Especially, the lubricating assembly 12 is pivotally coupled to the casing 10 in a detachable manner. That is, the lubricating assembly 12 can be directly detached from the casing 10. After the lubricating assembly 12 is removed from the casing, the process of replacing the oil-absorbing element 122 or the process of adding the lubricating oil can be performed more easily. Furthermore, it is easier to clean the support frame 121 in detail or replace the support frame 121 with a new one.

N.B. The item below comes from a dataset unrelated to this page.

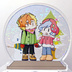 SoftPBのダイカットアクリルブロック。厚みがあるのでスタンドなしで自立します。 約8cm×8cm、厚み8mm、表面片面印刷、ホログラムアクリル
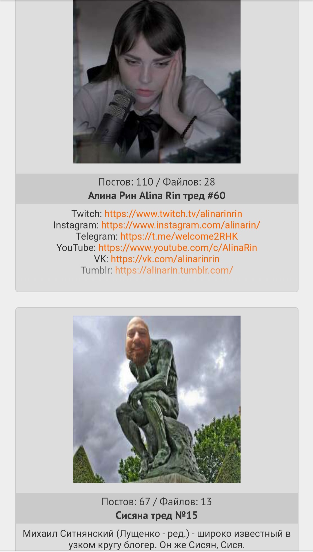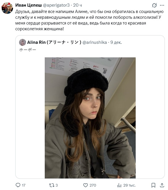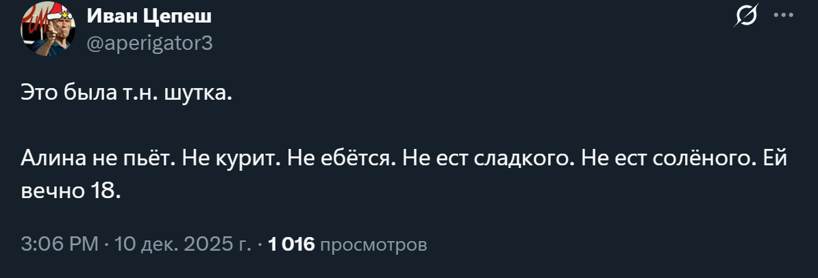 Кисики, в очередной раз приперлись в тред, чтоб рассказать нам сказки про добрую, красивую Алину как будто-то у людей своих глаз нет Ну чё когда там донат гол на смену гражданства? Живите сами в этом мордоре.

As mentioned above, in the cutting mechanism 1 of the present invention, the oil-absorbing element 122 is fixed on the support frame 121, and the oil-absorbing element 122 is previously pressed and attached on the movable knife 112 of the knife assembly 11. When the movable knife 112 is continuously moved upwardly and downwardly in a reciprocating manner to cut labels, the movable knife 112 is continuously rubbed against the oil-absorbing element 122. Since the lubricating oil absorbed in the at least one oil-absorbing element 122 lubricates the movable knife 112 continuously, the purpose of lubricating the movable knife 112 can be achieved.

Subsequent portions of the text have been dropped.